Fuente: https://cronicasilegales.blogspot.com

CALIXTO GARMENDIA

 

 

Ciro Alegría

 

Déjame contarte –le pidió un hombre llamado Remigio Garmendia a otro llamado Anselmo, levantando la cara-. Todos estos días, anoche, esta mañana, aun esta tarde, he recordado mucho… Hay momentos en que a uno se le agolpa la vida… Además, debes aprender. La vida, corta o larga, no es de uno solamente.

Sus ojos diáfanos parecían fijos en el tiempo. La voz se le fraguaba hondo y tenía un rudo timbre de emoción. Blandíase a ratos las manos encallecidas.

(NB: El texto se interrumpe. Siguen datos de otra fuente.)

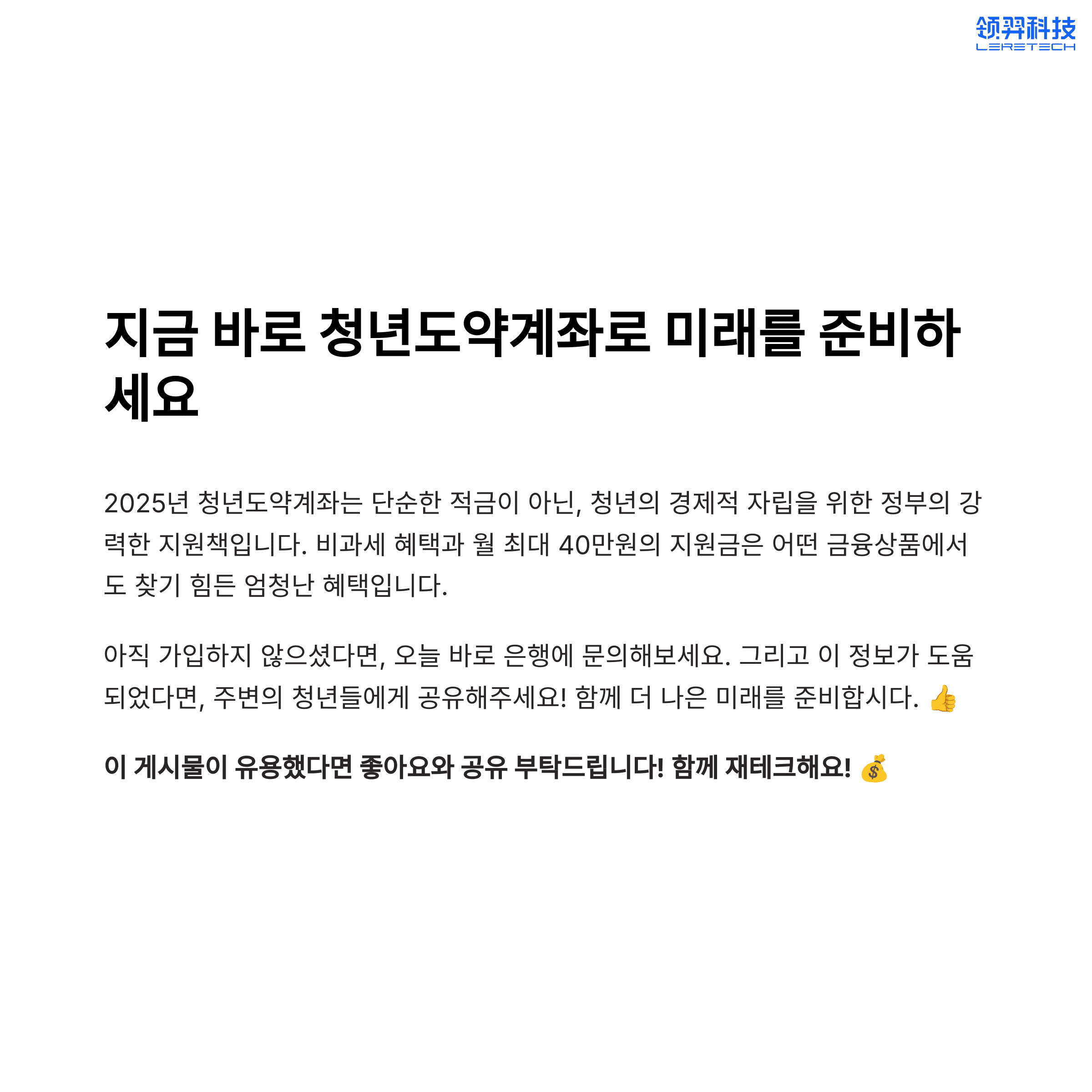 2025년 청년도약계좌는 단순한 적금을 넘어, 정부의 강력한 지원을 통해 사회초년생에게 실질적인 자산 형성 기회를 제공합니다. 특히 비과세 혜택과 월 최대 40만 원의 지원은 어떤 금융상품에서도 찾기 힘든 장점입니다.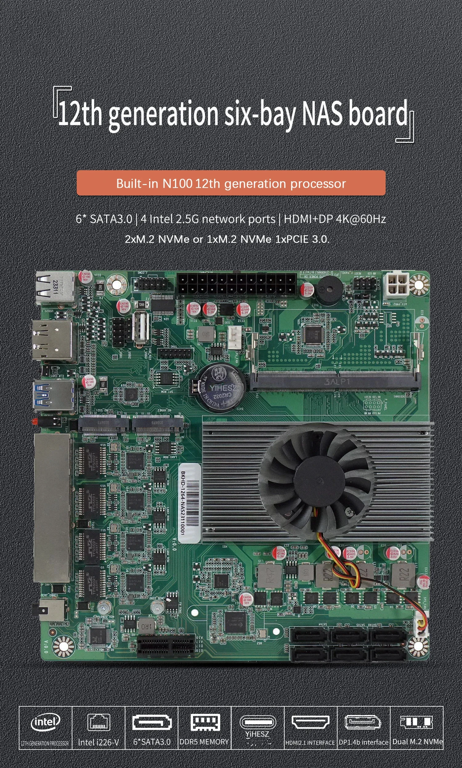 Comprar DIY NAS N100 placa base 4X Intel I226 2,5G 6 * SATA3.0 Mini ITX DDR5 17x17CM 2 * M.2 1XPCIE para servidor de almacenamiento NAS enrutador suave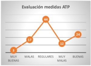 Evaluación de medidas ATP. Cuando se preguntó a los empresarios Pyme cómo evalúan las medidas tomadas por el gobierno que, enmarcadas en el programa Asistencia al Trabajo y la Producción (ATP), pretenden aliviar económicamente a las empresas, las respuestas fueron categóricas. Para el 44 % las medidas fueron regulares; para los 17 % malas, para el 12 % fueron muy malas, en tanto que para los 24 % buenas y para el 3 % muy buena.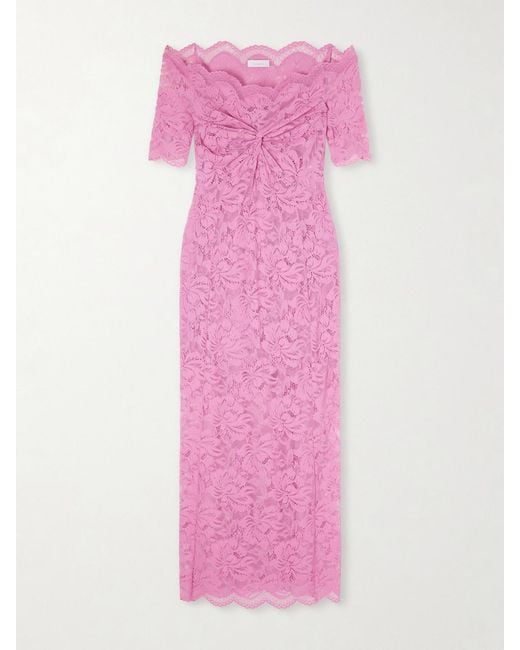 Women's Pink Off-The-Shoulder Scalloped Lace Midi Dress

Yo nací arriba, en un pueblito de los Andes. Mi padre era carpintero y me mandó a la escuela. Hasta el segundo de primaria era todo lo que había. Y eso que tuve suerte de nacer en el pueblo, porque los niños del campo se quedaban sin escuela. Fuera de su carpintería, mi padre tenía un terrenito al lado del pueblo, pasando la quebrada, y lo cultivaba con la ayuda de algunos indios a los que pagaba en plata o con obritas de carpintería: que al cabo de una lampa o de hacha, que una mesita, en fin. Desde un extremo del corredor de mi casa, veíamos a amarillear el trigo, verdear el maíz, azulear las habas en nuestra pequeña tierra. Daba gusto. Con la comida y la carpintería, teníamos bastante, considerando nuestra pobreza. A causa de tener algo y también de su carácter, mi padre no agachaba la cabeza ante nadie. Su banco de carpintero estaba en el corredor de la casa, dando a la calle. Pasaba el alcalde. “Buenos días, señor”, decía mi padre, y se acabó. Pasaba el subprefecto. “Buenos días, señor”, y asunto concluido. Pasaba el alférez de gendarmes. “Buenos días, alférez, y nada más. Pasaba el juez y lo mismo. Asé era mi padre con los mandones. Ellos hubieran querido que les tuviera miedo o les pidiese o les debiera algo. Se acostumbran a todo eso los que mandan. Mi padre les disgustaba. Y no acaba allí la cosa. De repente venía gente del pueblo, ya sea indios, cholos o blancos pobres. De a diez, de a veinte, o también en poblada llegaban. “Don Calixto, encabécenos para hacer este reclamo”.Mi padre se llamaba Calixto. Oía de lo que se trataba, si le parecía bien aceptaba y salía a la cabeza de la gente que daba vivas y metía hasta harta bulla, para hacer el reclamo. Hablaron buena palabra. A veces hacía ganara a los reclamadores y otras perdía, pero el pueblo siempre le tenía confianza. Abuso que se cometía, ahí estaba mi padre para reclamar al frente de los perjudicados. Las autoridades y los ricos del pueblo, dueños de haciendas y fundos, le tenían echado el ojo para partirlo en la primera ocasión. Él ni se daba cuenta y vivía como si nada le pudiera pasar. Había hecho un sillón grande, que ponía en el corredor. Ahí solía sentarse, por las tardes, a conversar con los amigos. “Los que necesitamos es justicia”, decía. “El día que el Perú tenga justicia, será grande”. No dudaba de que la habría y se torcía los mostachos con satisfacción, predicando: “No debemos consentir abusos”.
Sucedió que vino una epidemia de tifo, y el panteón del pueblo se llenó con los muertos del propio pueblo y los que traían del campo. Entonces, las autoridades echaron mano de nuestro terrenito para panteón. Mi padre protestó diciendo que tomaran tierra de los ricos, cuyas haciendas llegaban hasta la propia salida del pueblo. Dieron de pretexto que el terreno de mi padre estaba ya cercado. Pusieron gendarmes y comenzó el entierro de los muertos. Quedaron a darle una indemnización de setecientos soles, que era algo en esos años, pero que autorización, que requisitos, que papeleo, que no hay plata en este momento… Se la estaban cobrando a mi padre, para ejemplo de reclamadores. Un día, después de discutir con el alcalde, mi viejo se puso a afilar una cuchilla y, para ir a lo seguro, también un formón. Mi madre algo le vería en la cara y se le prendió del cogote y le lloró diciéndole que nada sacaba con ir a la cárcel y dejarnos a nosotros desamparados. Mi padre se contuvo como quebrándose. Yo era niño entonces y me acuerdo de todo eso como si hubiera pasado esta tarde.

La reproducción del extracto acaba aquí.